Problem description: Any pictures in the records below must be left out when you repeat the lines from the line containing "Le produit est" through the line containing "kurta palazzo set" exactly.

Supplied material:
Content starts

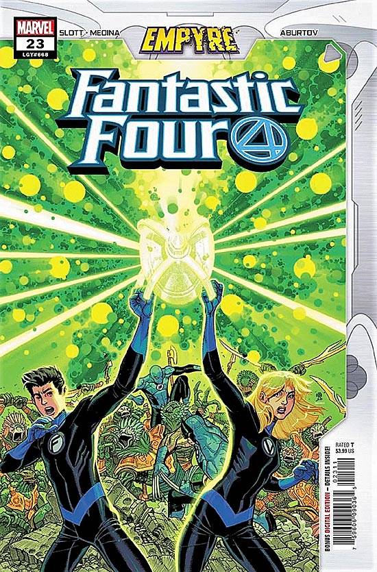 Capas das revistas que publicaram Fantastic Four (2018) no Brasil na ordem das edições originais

Content ends
Content starts

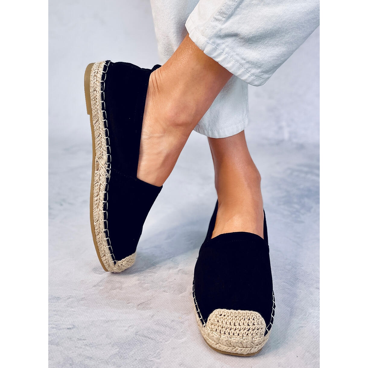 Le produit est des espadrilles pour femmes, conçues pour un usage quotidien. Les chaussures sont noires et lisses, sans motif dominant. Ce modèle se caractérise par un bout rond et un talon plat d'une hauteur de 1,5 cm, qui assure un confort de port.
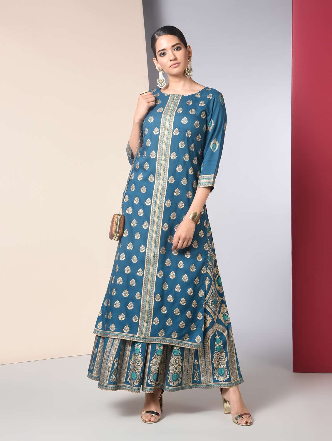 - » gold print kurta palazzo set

Content ends

Solution below:
 Le produit est des espadrilles pour femmes, conçues pour un usage quotidien. Les chaussures sont noires et lisses, sans motif dominant. Ce modèle se caractérise par un bout rond et un talon plat d'une hauteur de 1,5 cm, qui assure un confort de port.
 - » gold print kurta palazzo set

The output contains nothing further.